Louis Simpson won the Pulitzer Prize for his collection of poetry At the End of the Open Road in 1964. He has written ten books of poetry, several critical studies, a novel, and an autobiography, and he edited the anthology New Poets of England and America (1957). Born in the West Indies, the son of a lawyer of Scottish descent and a Russian mother, Simpson immigrated to the United States at the age of seventeen. Since 1967 he has taught at the State University of New York at Stony Brook.
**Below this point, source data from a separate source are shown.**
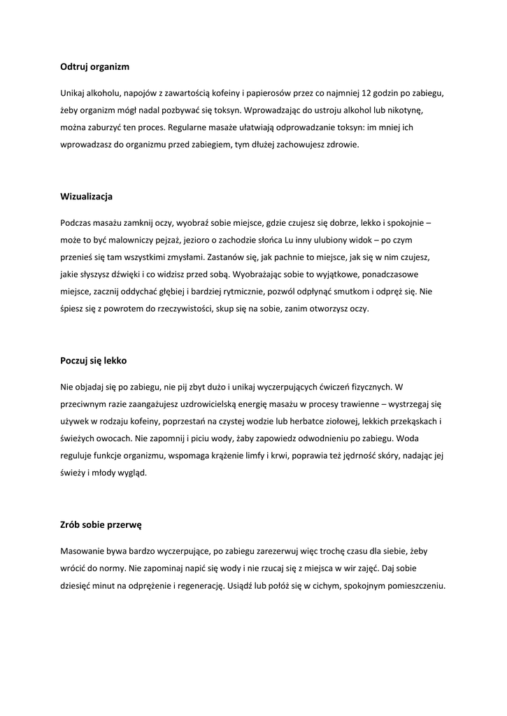 Odtruj organizm Unikaj alkoholu, napojów z zawartością kofeiny i papierosów przez co najmniej 12 godzin po zabiegu, żeby organizm mógł nadal pozbywad się toksyn. Wprowadzając do ustroju alkohol lub nikotynę, można zaburzyd ten proces. Regularne masaże ułatwiają odprowadzanie toksyn: im mniej ich wprowadzasz do organizmu przed zabiegiem, tym dłużej zachowujesz zdrowie. Wizualizacja Podczas masażu zamknij oczy, wyobraź sobie miejsce, gdzie czujesz się dobrze, lekko i spokojnie – może to byd malowniczy pejzaż, jezioro o zachodzie słooca Lu inny ulubiony widok – po czym przenieś się tam wszystkimi zmysłami. Zastanów się, jak pachnie to miejsce, jak się w nim czujesz, jakie słyszysz dźwięki i co widzisz przed sobą. Wyobrażając sobie to wyjątkowe, ponadczasowe miejsce, zacznij oddychad głębiej i bardziej rytmicznie, pozwól odpłynąd smutkom i odpręż się. Nie śpiesz się z powrotem do rzeczywistości, skup się na sobie, zanim otworzysz oczy. Poczuj się lekko Nie objadaj się po zabiegu, nie pij zbyt dużo i unikaj wyczerpujących dwiczeo fizycznych. W przeciwnym razie zaangażujesz uzdrowicielską energię masażu w procesy trawienne – wystrzegaj się używek w rodzaju kofeiny, poprzestao na czystej wodzie lub herbatce ziołowej, lekkich przekąskach i świeżych owocach. Nie zapomnij i piciu wody, żaby zapowiedz odwodnieniu po zabiegu. Woda reguluje funkcje organizmu, wspomaga krążenie limfy i krwi, poprawia też jędrnośd skóry, nadając jej świeży i młody wygląd. Zrób sobie przerwę Masowanie bywa bardzo wyczerpujące, po zabiegu zarezerwuj więc trochę czasu dla siebie, żeby wrócid do normy. Nie zapominaj napid się wody i nie rzucaj się z miejsca w wir zajęd. Daj sobie dziesięd minut na odprężenie i regenerację. Usiądź lub połóż się w cichym, spokojnym pomieszczeniu. Dostarcz witamin Powinieneś jeśd co najmniej pięd porcji owoców i warzyw dziennie, żeby pokryd zapotrzebowanie organizmu na witaminy, minerały i przeciwutleniacze. Witaminy A, B i C, których doskonałym źródłem są pomidory, owoce, warzywa liściowe i rzeżucha, odgrywają kluczową rolę w prawidłowym żywieniu. Podstawowe składniki odżywcze Kwasy tłuszczowe i pierwiastki – między innymi cynk i wapo – są niezbędne dla zdrowia skóry, kości, włosów i paznokci. Ryby i owoce morza, warzywa liściaste i orzechy są bogatym źródłem składników odżywczych, które mają dobroczynny wpływ na skórę. Spożywanie tłustych ryb, na przykład makreli i łososia, dostarczy ci budulca dla wszystkich komórek ciała. Pamiętaj o przeciwutleniaczach Skażenie środowiska, toksyny, alkohol, nikotyna i stres sprzyjają gromadzeniu wolnych rodników, których nadmiar może okazad się szkodliwy dla zdrowia. Żaby je zwalczyd, uwzględnij w jadłospisie produkty obfitujące w przeciwutleniacze, na przykład świeże owoce i warzywa, czosnek, cebulę, orzechy i ziarna zbóż.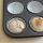 cucharita de mezcla de canela y azúcar en cada muffins.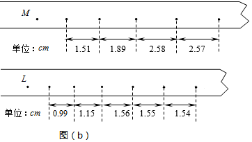 (2)图(b)中M和L纸带是分别把弹簧压缩到不同位置后所得到的实际打点结果。打点计时器所用交流电的频率为50Hz,由M纸带所给的数据,可求出在该纸带对应的试验中物块脱离弹簧时的速度为 m/s。比较两纸带可知 (填“M”或“L“)纸带对应的试验中弹簧被压缩后的弹性势能大。

One of Simpson's best-known poems is "Walt Whitman at Bear Mountain," which first appeared in his collection At the End of the Open Road. In this poem Simpson addresses a bronze statue of Whitman and inquires: "Where are you, Walt? / The Open Road goes to the used car lot" (Open Road 64). Simpson expresses his disappointment here and elsewhere in his work that the American dream and myth, so often expressed in grandiose terms by Whitman, has been tragically corrupted by materialism. In his poetry and prose, Simpson has played an influential role in the ongoing "dialogue" between post-World War II American poets and Walt Whitman.
Bibliography
Lazer, Hank. "Louis Simpson and Walt Whitman: Destroying the Teacher." Walt Whitman Quarterly Review 1.3 (1983): 1–21.
Perlman, Jim, Ed Folsom, and Dan Campion, eds. Walt Whitman: The Measure of His Song. Minneapolis: Holy Cow!, 1981.
Simpson, Louis. At the End of the Open Road. Middletown: Wesleyan UP, 1963.
———. The Character of the Poet. Ann Arbor: U of Michigan P, 1986.
———. People Live Here: Selected Poems 1949–1983. Brockport, N.Y.: BOA Editions Ltd., 1983.